Programs

Eye Health and Vision Care

Eye Exam Chart

Vision loss has been shown to cause substantial social and economic tolls, emotional suffering, social isolation, loss of productivity, and diminished quality of life. Despite the importance of vision and eye health on one’s quality of life, many people continue to face barriers to accessing the proper eye and vision care.

ACU works with local, state, and national partners to increase access to the proper eye and vision care for underserved populations. We do this by bringing mobile vision vans to underserved communities, providing grants and technical assistance to health centers to help establish permanent eye and vision programs at service sites, and educating communities of underserved populations.
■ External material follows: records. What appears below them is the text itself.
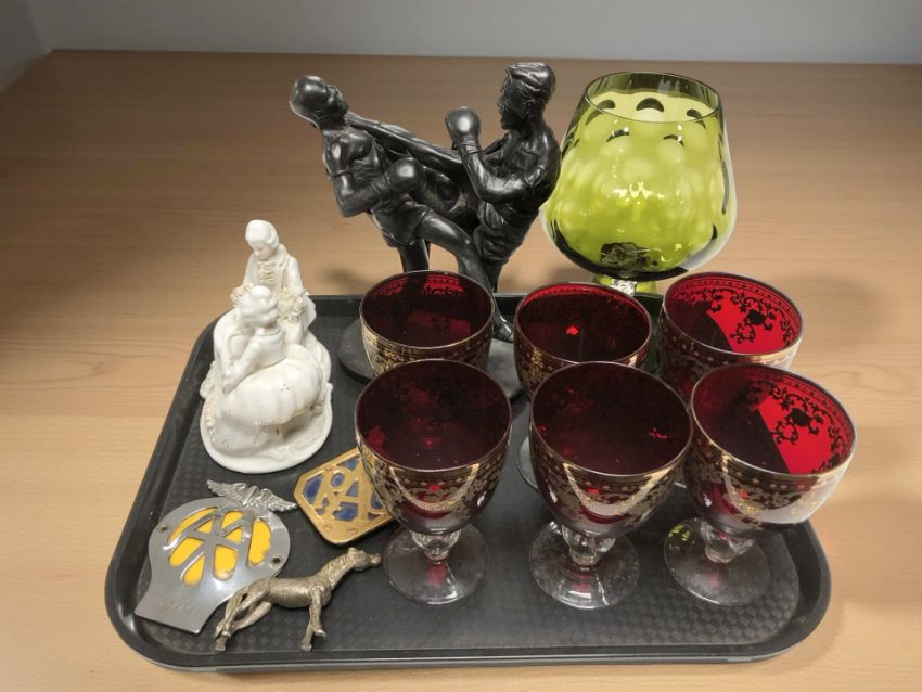 A set of six ruby glass goblets, further large green goblet, figural group of two kick boxers, AA and RAC badges, Leonardo figure group etc
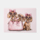 Ilustracion lindo de perros de moda con joyas y gafas sentados al lado de un bolso rosa. ¡Perfecto para los amantes de la moda y de las mascotas!
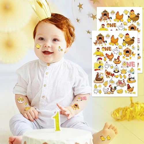 8 Sheets Chicken Temporary Tattoos 200+ Yellow Chicken Birthday Party Decorations Girls Boys This Chick Is One Birthday Temporary Tattoos Farm Animals Theme Party Favors Supplies Prizes Rewards
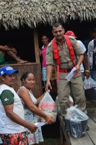 Também foram atendidas nesse primeiro dia as comunidades Luzeiro (11 cestas básicas + kits de limpeza), Ramal dos Esquecidos (11), Pucalpa (04), Mundurucus (08), Guarani (02), Sacada da Nova Cintra (04) e Praia da Amizade (42).
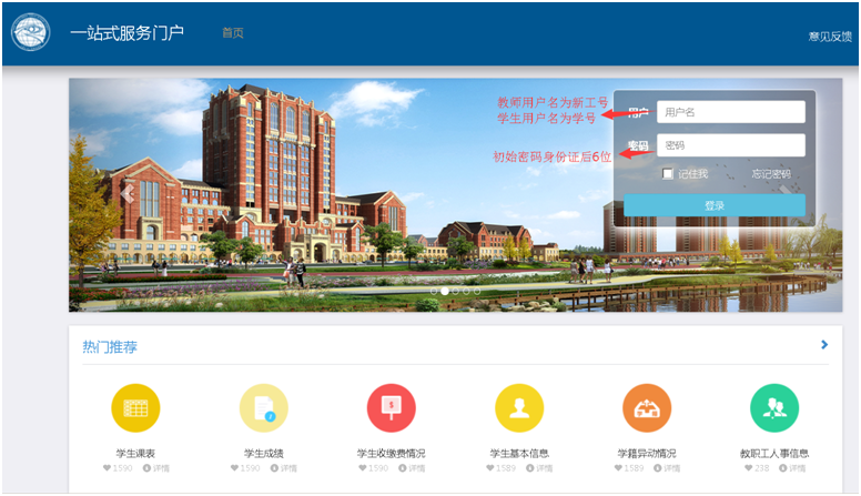 2.教师登录的用户名为7位新工号,初始密码:身份证号后6位;学生登录用户名为学号,初始密码身份证号后六位(身份证号末位为x的请尝试使用大小写)。
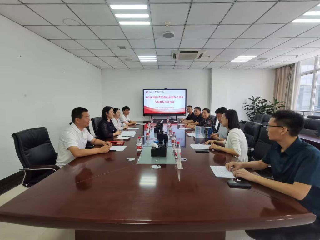 杨志清对共青团鲁山县委给予学校派驻鲁山县四棵树乡黄沟村第一团支部书记工作的关心支持表示感谢,并简要介绍了学校的发展情况。她表示,学校高度重视校地合作社会服务工作,以驻村第一团支部书记为桥梁,寻找和对接学校与鲁山县可合作的方面,希望利用高校独有的资源对地方发展和建设起到推动作用,为鲁山县乡村振兴事业发展做出贡献。
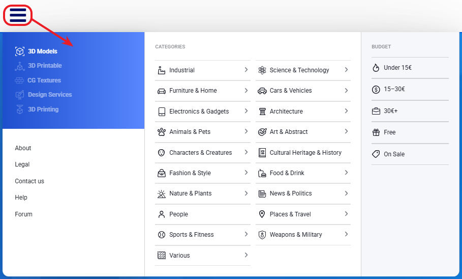 To find the required asset, use the READY 3D® search bar located at the top of the website.
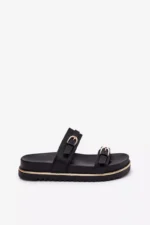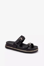 Stilīgas sieviešu platforma sandales, kas apvieno komfortu ar modernu izskatu. Priekšpusē ir divas siksnas ar sprādzēm, kas piešķir raksturu un diskrēti piesaista uzmanību. Platforma nodrošina pārliecību un stabilitāti visas dienas garumā. Ideāli piemērotas ikdienas valkāšanai, tās labi sader ar kleitām un biksēm, veidojot daudzpusīgu vasaras izskatu. Izvēloties izmēru, lūdzu, izmantojiet izmēru tabulu.
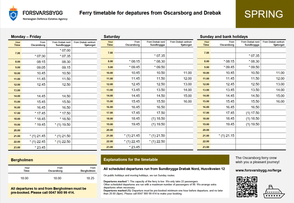 The second option is traveling to Drobak and taking a ferry to Oscarsborg. Drobak is about 35 miles south of Oslo and about a 40 min bus ride with a few minutes of walking. The ferry from Drobak to Oscarsborg take approximately 5 minutes. Information for the Drobak to Oscarsborg ferry can be found on https://www.forsvarsbygg.no/en/festningene/oscarsborg-fortress/oscarsborg-ferry. The ferry timetable is pictured on the right and also available on the provided website.
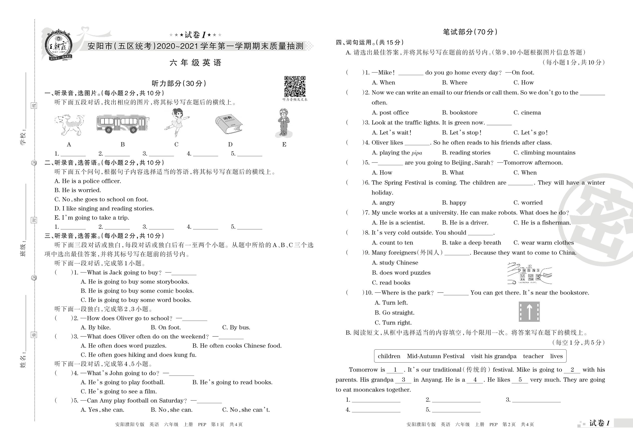安阳市(五区统考)2020~2021学年第一学期期末质量抽测六年级英语(人教PEP版)【1】
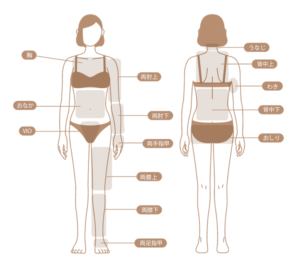 ※ご来店前日までに施術予定箇所を
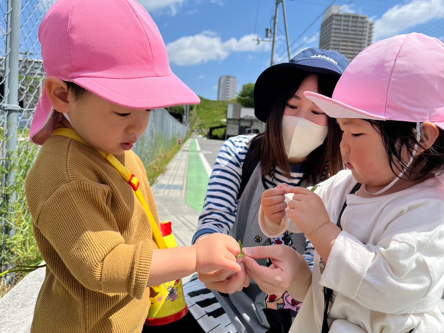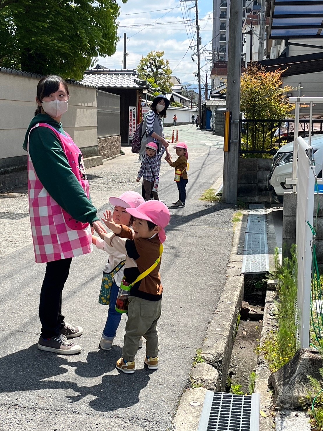 2歳児クラスになってからは、お友だちと手をつないで散歩にいきます。

New Initiative: Laying the Groundwork for a National Coalition to Increase Access to Eye Health and Vision Services via Community Health Centers

Community Health Centers (CHCs) were created to provide primary healthcare services to the nation’s most vulnerable and medically underserved populations, regardless of their ability to pay. Yet, only 1 in 4 (26%) CHCs nationwide offer vision services through an optometrist or ophthalmologist, and a mere 3% of the 34.5 million patients they serve annually can access them due to a multitude of systems-level barriers. When trying to establish or expand these services, health centers face high start up costs, space limitations, workforce challenges, and more due to the exclusion of vision services from the mandated scope of primary medical services under Section 330 of the Public Health Services Act, limited coverage under Medicare, state variances in Medicaid coverage for adults, and eye care providers’ exclusion from the National Health Service Corps.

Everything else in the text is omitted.